His death leaves Gahan and Gore as the only permanent members.

Fletcher’s musical peers paid tribute to him as news of his death spread.

“His keyboard sounds not only shaped the sonic approach of Depeche Mode, but also changed the direction of Techno, EDM, Downtempo, Triphop and Electronica. Crucial loss,” Living Color guitarist Vernon Reid tweeted.

The Pet Shop Boys said on Twitter that he was “a warm, friendly, funny person who loved electronic music”.

Orchestral Maneuvers in the Dark tweeted that he was a “beautiful person in an amazing band”.

The eldest of four siblings, Fletcher was born in Basildon and grew up in Nottingham, England.

He became childhood friends with Clarke and with singer Alison Moyet, who would form Yazoo (known as Yaz in the US) with Clarke after leaving Depeche Mode.

“Since we were 10,” Moyet tweeted Thursday. “Same subdivision. Classmates to tag classmates. He who kept faith with all the old band and they with him. It doesn’t calculate. Fletch. I have no words.”

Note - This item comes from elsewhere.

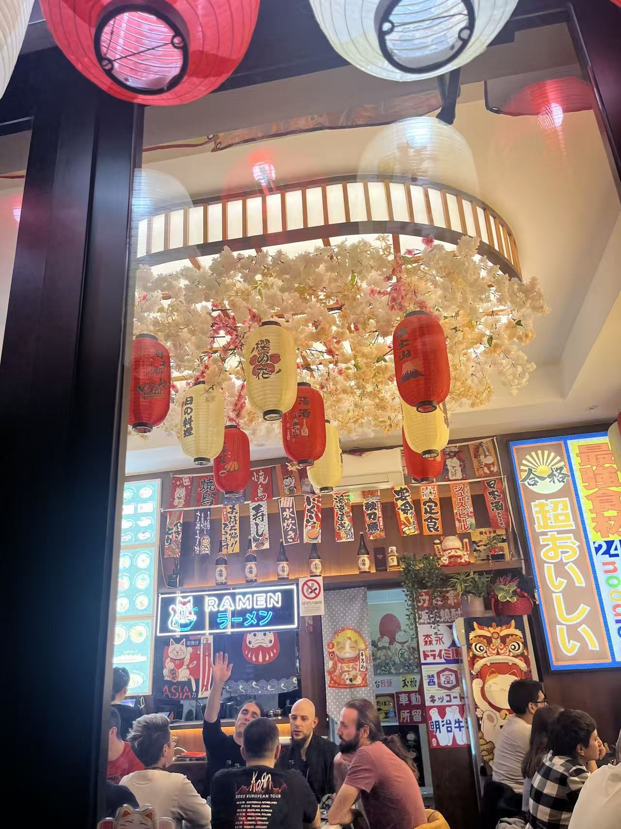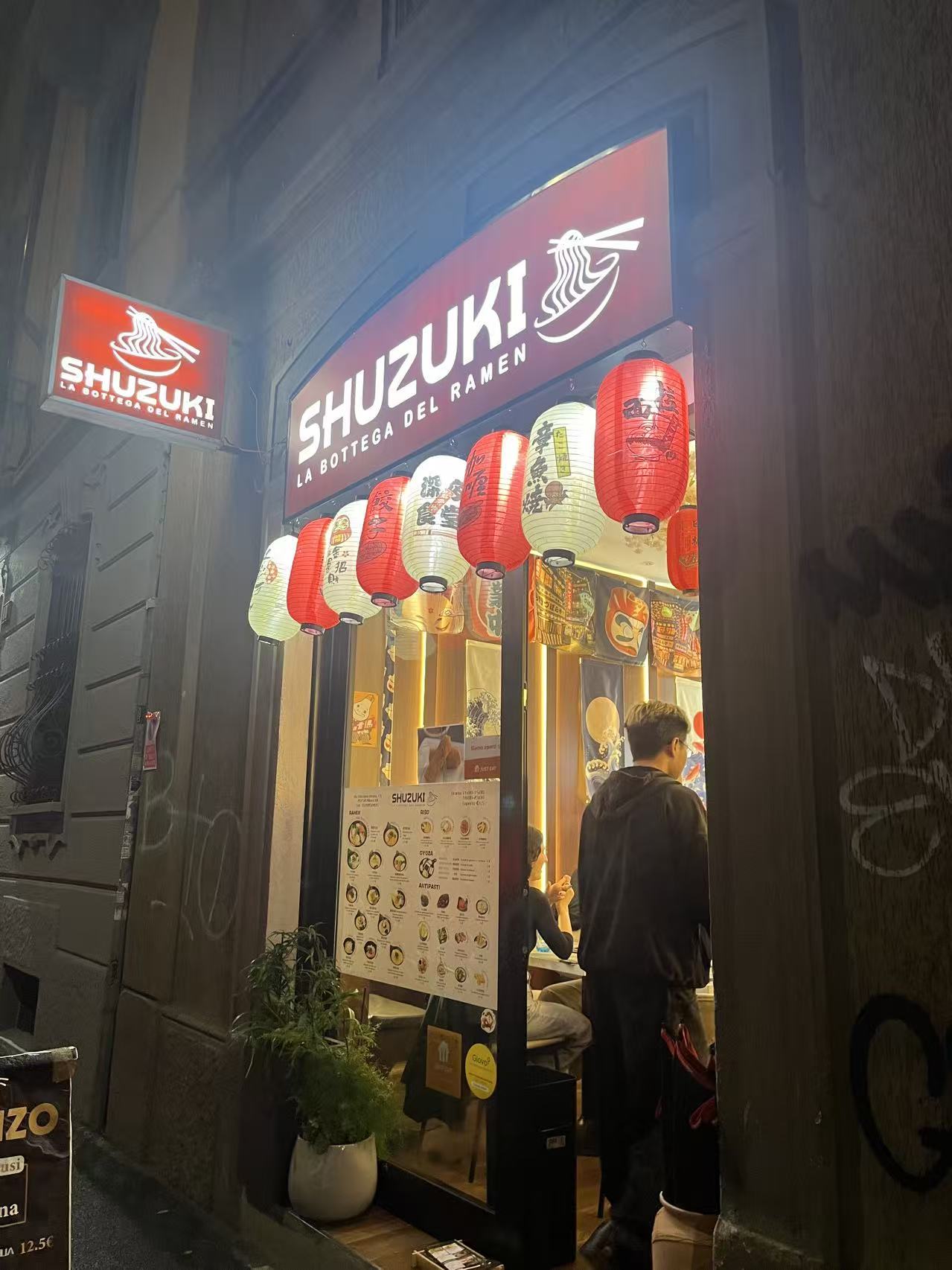 米兰华人街,日式复古樱花风拉面店!樱花点缀、木质结构,温馨舒适得仿佛置身漫画场景。

As teenagers, Fletcher and Clarke formed the short-lived group “No Romance”.

Together with Gore, whom Fletcher met in a Basildon pub in 1980, they formed the trio Composition of Sound, all three playing synthesizers. Gahan was recruited into the group later that year, and the name was changed to Depeche Mode.

Fletcher would remain with the band until his death, although reported problems with depression in 1994 prompted him to be absent from part of a tour.

He launched his own label, Toast Hawaii, in 2002, releasing an album by CLIENT.

Fletcher would play DJ sets at the band’s live shows, which he continued to do at festivals and clubs after he and CLIENT parted ways.

Fletcher is survived by his wife of nearly 30 years, Gráinne Mullan, and their children Megan and Joe.